Point taken. I often forget that.

DJP said...

Yep. Point we all need to take.

When anyone says, "Has to be Law first," I say, "Oh, right. Like with the woman at the well."

And then when anyone says, "Has to be grace first," I say, "Oh, right. Like with the rich young ruler."

donsands said...

It's a human-centered pragmatic church. Sounds like Rick Warrenish perhaps.

David Kyle said...

I believe we should allow Holy Scripture to dictate our approach...

But he giveth more grace. Wherefore he saith, God resisteth the proud, but giveth grace unto the humble. ~James 4:6

Perhaps Law to the proud and Grace to the humble would be a first step.

Theophilus said...

It reminds me of a group of well-meaning but misled Christians that tried to win others to Christ. They (unknowingly) were salesmen who wanted to make Christianity palatable. They pitched 'the gospel' in terms of temporal benefits (one might say side-effects) of regeneration: marriages restored, prayer for healing, restoration from 'broken-ness' of various sorts and fashions.

These same people, if confronted with a seemingly well-adjusted and happy sinner would be flummoxed to explain why HE might possibly NEED GOD. (They would doubtless pitch Heaven's benefits, rather than say he's dead in his trespasses and in need of a Saviour.)

It could be such a group of temporal-focussed believers with a low view of the Gospel's true force and merit.

Then again it could just as easily be a liberal denomination, or Mormons, or J.W.'s etc.

Whatever the case, they believe that Christ is to be gained for the benefits, not principally for the fellowship with almighty God.

Strong Tower said...

I am going to be real baaaaad.

This is somewhat of the typical appraoach of Southern Baptist Churches that I am familiar with. We are talking again about bait and switch and pragmatic approaches to the Gospel tend to take the lead among SBC.

Then again, I would have to agree that this has become the default method among the mainstream evangelicalism, what ever main may mean.

Jugulum said...

"This is the philosophy of, "They like Jesus but not the church, so let's be a people that they like first, then they'll like Jesus." (Disclaimer: No shot or allusion to Dan Kimball intended.)"

You know, Kimball has forever destroyed our ability to talk about people liking Jesus or people not liking the church without apparently implying something about his book.


So here's a question:

Granted: That the blurb chops out sin & judgment & salvation from the Gospel, changing the focus from Christ to "felt needs". Blech.

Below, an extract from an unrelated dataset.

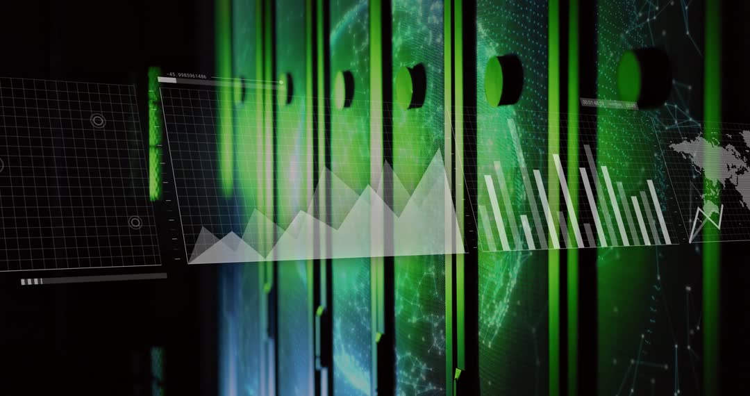 Dynamic visualization of network data represented by overlay of graphs on futuristic servers. Ideal for showcasing cutting-edge technology, cybersecurity solutions, and digital transformations in enterprise environments.

Granted: That not every gospel presentation need be the same length, cover the same things, in the same order, etc.

Is there any merit to suggesting that our gospel presentations could do with more emphasis on the restoration aspects of the gospel? It's not as though we can just assign those aspects to "the consequences of salvation". The fruits are part of the gospel, in some senses. The present- and future-tense parts of salvation.

Daryl said...

Just a thought...

Maybe I'm splitting hairs here but it seems to put forward the idea of faith as the thing that does the thing, rather than Christ being the one that does the thing.

Kind of like encouraging people to drum up some faith as compared to trusting in Jesus.

J♥Yce Burrows said...

Synergistic approach to God in circumstances that warrant being rescued...in the temporal sense as a tickler to snagging folks on the eternal sense? Calling card from (?) specifically? Only faiths that have canvased(word?)in our neighborhood over and over and over again are Mormons and Jehovah Witnesses seeking those "not students of the Bible" to help good folks be introduced to "study" and "their publications". Your side of the country might be more progressive(?) with structured evangelism so am interested in the answer as it just might eventually spread this way. Like you commented, missing the mark on the foundation leads to a ripple effect unto further doctrinal chaos that unfolds in living chaos.

Joyce

J♥Yce Burrows said...

btw, similar wording has been read on an independent fundamental Baptist church(with a salvation of syngerism rather than monergism lean) sign: "The Word of God will change your life".

It's been here.

Nash Equilibrium said...

Gotta agree with Spatulaguy, this certainly doesn't square with Matthew 10:34. " Do not think that I came to bring peace on the earth; I did not come to bring peace, but a sword.I have not come to bring peace, but a sword"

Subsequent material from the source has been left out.